### [SUPPLIED DATA]
--- START ---

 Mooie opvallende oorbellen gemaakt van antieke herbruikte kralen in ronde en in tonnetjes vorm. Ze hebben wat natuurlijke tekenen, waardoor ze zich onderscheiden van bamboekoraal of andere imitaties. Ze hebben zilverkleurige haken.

--- END ---
--- START ---

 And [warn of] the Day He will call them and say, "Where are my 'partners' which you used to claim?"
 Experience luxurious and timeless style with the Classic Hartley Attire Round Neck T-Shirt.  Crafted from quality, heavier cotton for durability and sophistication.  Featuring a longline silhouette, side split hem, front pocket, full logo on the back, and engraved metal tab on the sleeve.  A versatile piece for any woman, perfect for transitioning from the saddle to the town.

--- END ---

### [TASK PROMPT]
Where the data above reaches the line holding "And [warn of]", begin printing, and stop after the line holding "Experience luxurious and". Each line must be reproduced exactly, with nothing else added.

### [SOLVED PROBLEM]
 And [warn of] the Day He will call them and say, "Where are my 'partners' which you used to claim?"
 Experience luxurious and timeless style with the Classic Hartley Attire Round Neck T-Shirt.  Crafted from quality, heavier cotton for durability and sophistication.  Featuring a longline silhouette, side split hem, front pocket, full logo on the back, and engraved metal tab on the sleeve.  A versatile piece for any woman, perfect for transitioning from the saddle to the town.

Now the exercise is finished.